Lines from the opening of the material through the line containing "3 Indications for" must be duplicated word for word. Pictures are not.
*** Opening of Task material ***
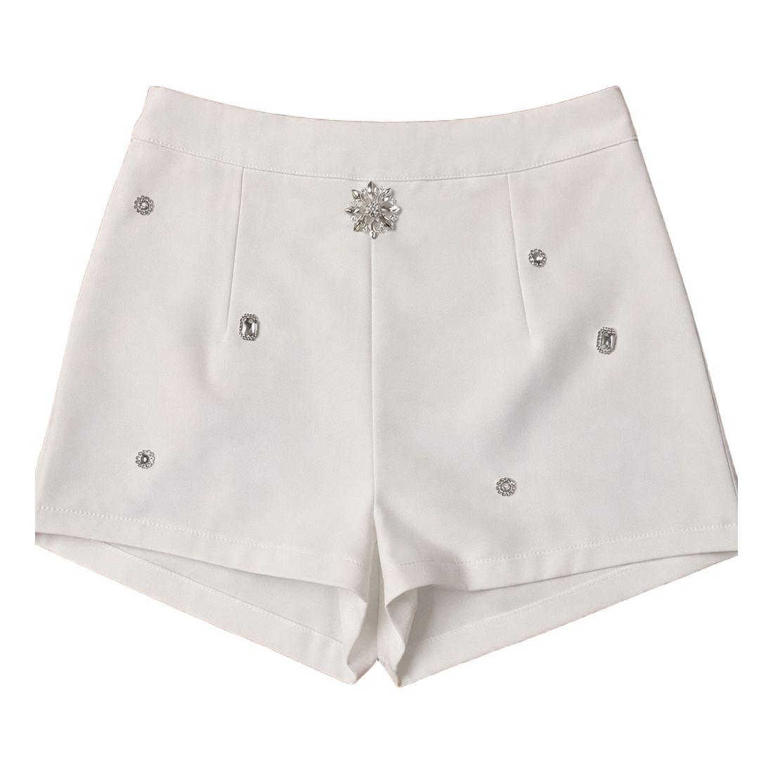 White tailored shorts adorned with scattered rhinestone embellishments. Features a high-waist fit.
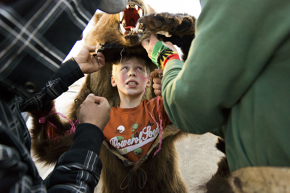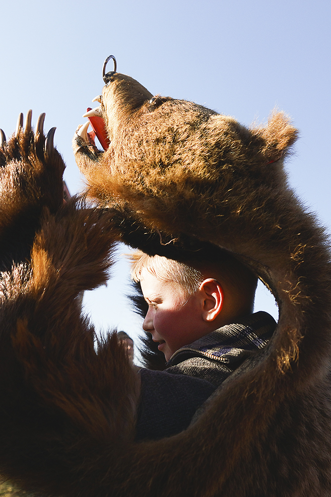 The New Year’s traditions in Romania have some of the finest winter attractions and rich in symbols and meanings. Being fascinated by the idea of masculinity and the representation of men’s power, the bears’ tradition and it’s influence on people’s beliefs inspired to start my project. They evoke death but bestow fertile life. They live in the modern era, but they summon old traditions, accompanied by their Gypsy trainer and a youth beating a tambourine-type instrument, the animals crawl through the crowd. Reaching the centre, they perform a dance until eventually, the bears fall dead on the ground. After their hearts are taken by the trainer, they return to life, theoretically, a more gentle one.
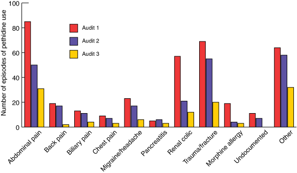 3 Indications for pethidine use documented by emergency department staff during the three audit periods (participating hospitals only)
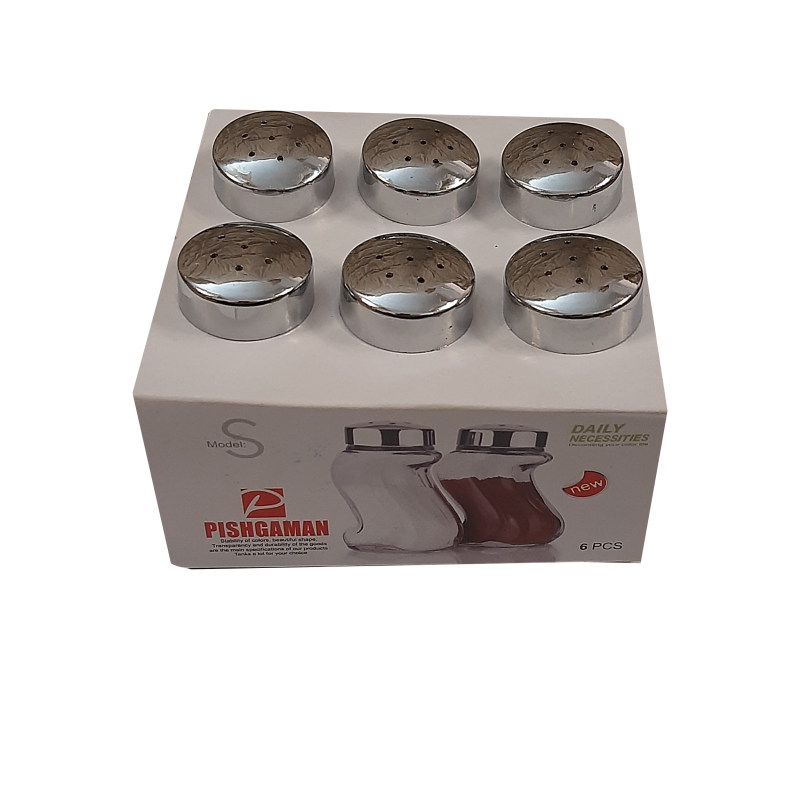 نمکدان پیشگامان مدل اس با طراحی زیبا و خوش دست است. این ست محصول نسبت به محصولات مشابه کوچک و خوش دست و بد فرم به نظر نمی رسد. جنس این محصول بلور است و سری آن نیز پیچی است و پلاستیک فشرده شده آبکاری شده است. ارتفاع این محصول اندازه انگشت سبابه معمولی است و سوراخ های تعبیه شده برای ریختن نمک بزرگ نیست که نمک و فلفل به مقدار زیاد ریخته شود بلکه به اندازه استاندارد خروجی می دهد.
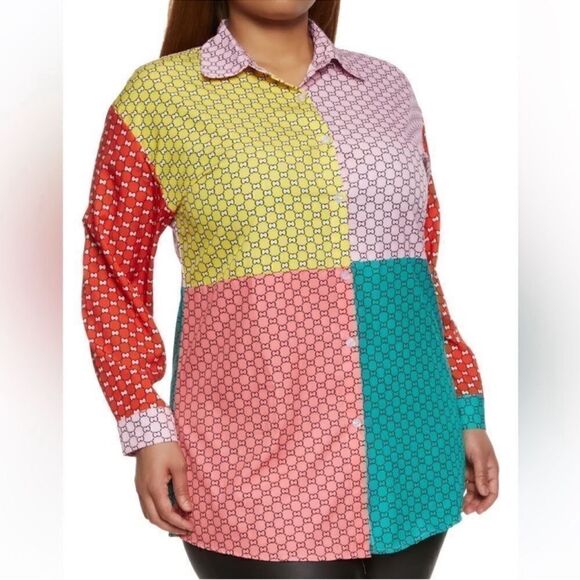 Shein Large Printed Button Down Color-block Lightweight Shirt Approx measurements Pit to Pit 23", Length 30"
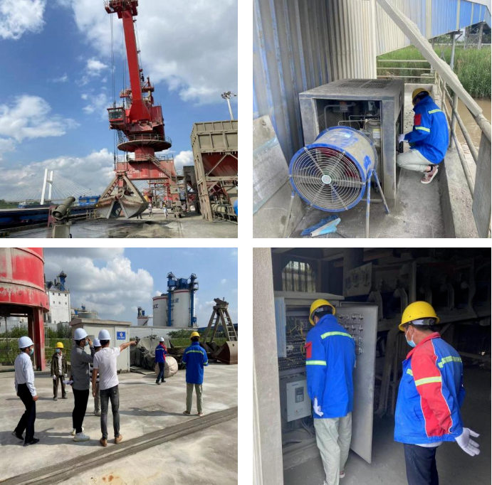 重件码头分公司组织开展门机作业故障排除应急演练。演练模拟门机作业在熟料入库时,在入料斗时发现提升机处冒出大量黑色浮尘的场景。门机司机发现险情,报告于现场调度,一系列的故障排除措施有序开展,维修人员查找故障为较多大块凝固体在提升机中导致无法作业,随即清理障碍,重新启动机器。此次应急演练,充分展现了作业人员在码头大型装卸设备作业的安全应急能力以及后续影响处理能力。
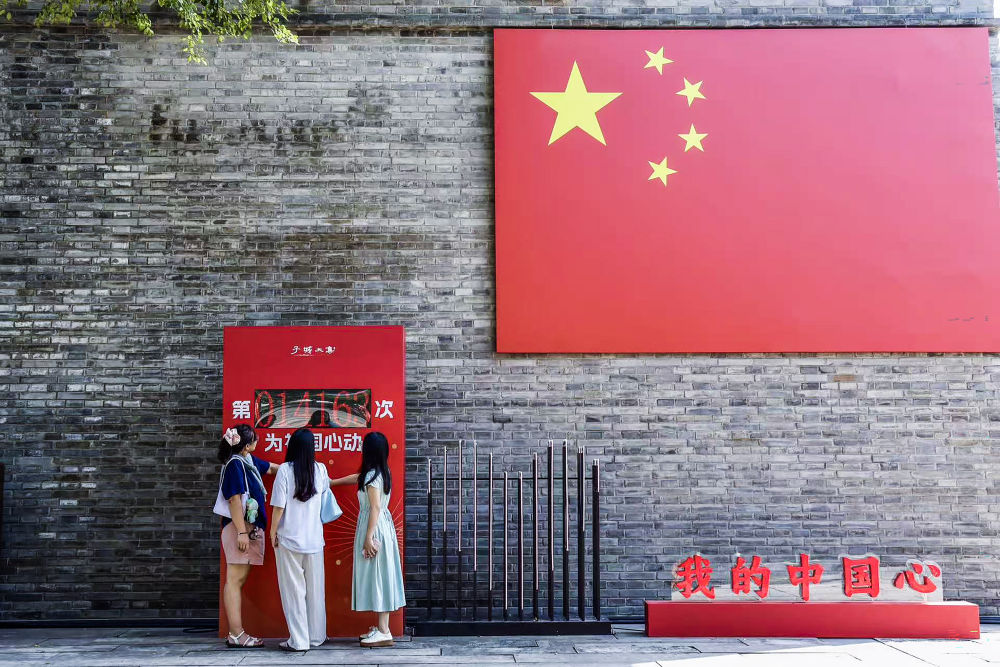 10月1日,在浙江嘉興市南湖區(qū)建設(shè)街道子城城墻邊,市民參加我為祖國(guó)心動(dòng)打卡活動(dòng)。新華社記者 徐昱 攝
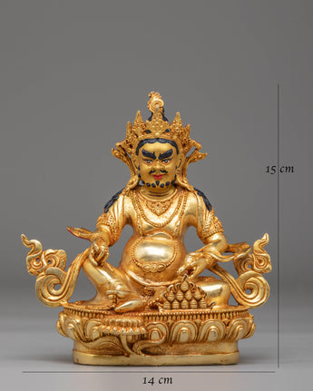 This Handmade Dzambhala Statue of Wealth is a crafted representation of the revered deity associated with abundance, prosperity, and protection in Tibetan Buddhism. Standing 15 cm tall and 14 cm wide, and weighing 0.76 kg, this statue is made from copper, plated with 24k gold, and hand-painted with acrylic color, giving it the divine energy of wealth and good fortune.
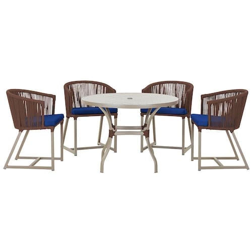 Produto conhecido como: mesa e cadeiras, Jogo de jantar, Estofado impermeavel, Moveis de exterior, Cadeira resistente a agua, Cadeira estofada, Cadeira para area externa, Cadeira de jardim, Moveis para varanda, Cadeira duravel, Cadeira de alta qualidade, Conforto em Cadeira, Cadeira elegante
*** Close of Task material ***
§ Solution to this problem
 White tailored shorts adorned with scattered rhinestone embellishments. Features a high-waist fit.
 The New Year’s traditions in Romania have some of the finest winter attractions and rich in symbols and meanings. Being fascinated by the idea of masculinity and the representation of men’s power, the bears’ tradition and it’s influence on people’s beliefs inspired to start my project. They evoke death but bestow fertile life. They live in the modern era, but they summon old traditions, accompanied by their Gypsy trainer and a youth beating a tambourine-type instrument, the animals crawl through the crowd. Reaching the centre, they perform a dance until eventually, the bears fall dead on the ground. After their hearts are taken by the trainer, they return to life, theoretically, a more gentle one.
 3 Indications for pethidine use documented by emergency department staff during the three audit periods (participating hospitals only)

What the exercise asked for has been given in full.